#537 – Dick Bernard: Spring "Yard Work"

Today, being a late April day (albeit in the middle of March), with all the snow gone, a short sleeve day and all, seemed a good day to begin the annual housekeeping trek along my walking route which ends on the north side of Carver Lake.
Helpfully, one of those small plastic buckets, about a half-gallon in size, materialized near the beginning of the walking route. In its previous life it probably held a plant. Perhaps it had blown off someone’s deck. Whatever, it was useful. (Actually, it had sat there for several prior days, but the time was not yet right to pick it up.)

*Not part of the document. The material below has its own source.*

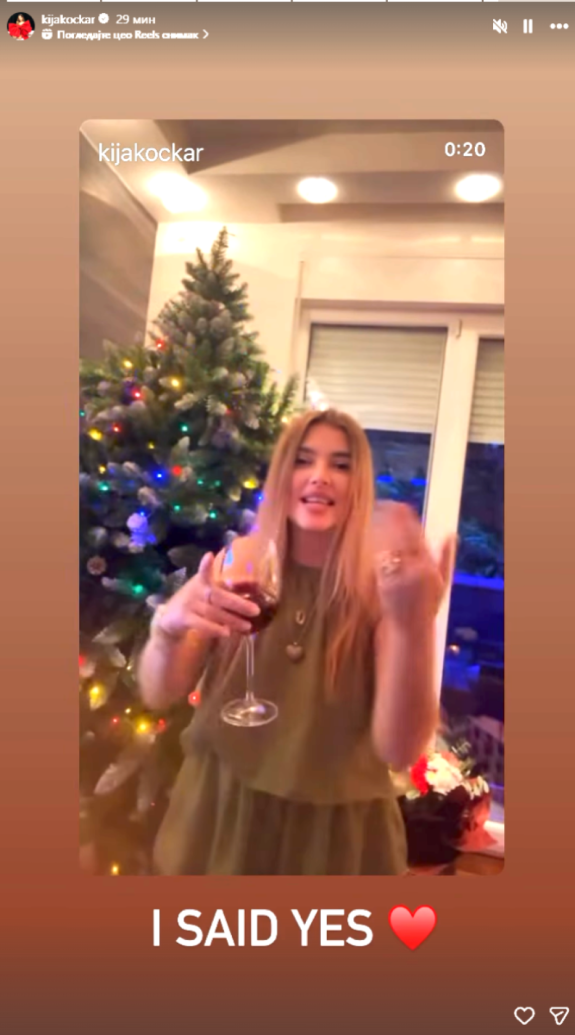 – Се случи на мојот омилен празник, Божиќ. Како што знаете, секоја година организирам вечера за пријателите и додека разменуваме подароци, тој клекна и ми предложи брак. Секако, реков ДА! Не можеше да избере подобар момент. Божиќ, моите најмили пријатели заедно, интимна атмосфера. Тој точно знаеше какво запросување и каков прстен сакам, затоа го сакам – рече воодушевено Кија, чиј веренички прстен е особено интересен.

Today was the day it would be of service to the community.
Our walking route is pretty clean. There is a small crew of people – mostly unknown to each other – who do “police call”.
Still, the first post-snow day out yields its share of treasures, mostly off the beaten path.
For instance, a bright piece of paper beckoned me into the off-trail woods, and when there I spotted three old and gray beer bottles, well disguised from many moons of anonymous living.
Along the way I was fetching something in the weeds and I met a guy who noticed, and groused about those people who toss stuff “when there are all sorts of garbage cans along this walk”. So true. I subscribe to the philosophy, though, that left garbage along the path is a magnet for more garbage, and policing helps keep down careless disposal of anything from cigarette buttes to tissue. Every little bit helps….
At the bench where I learned, a couple of years ago, that it is important to carry along one’s cell phone – it might come in handy – I met the pleasant guy I see frequently, pushing his Dad in his wheelchair for a walk in the park. We chatted a bit, and he commented that he’d filled two bags full of trash this same morning.
He usually does policing of the pond and lake banks, but he doesn’t sound quite as enthusiastic about doing it this year. Too big a mess. Maybe some of us will “step up to the plate” and help?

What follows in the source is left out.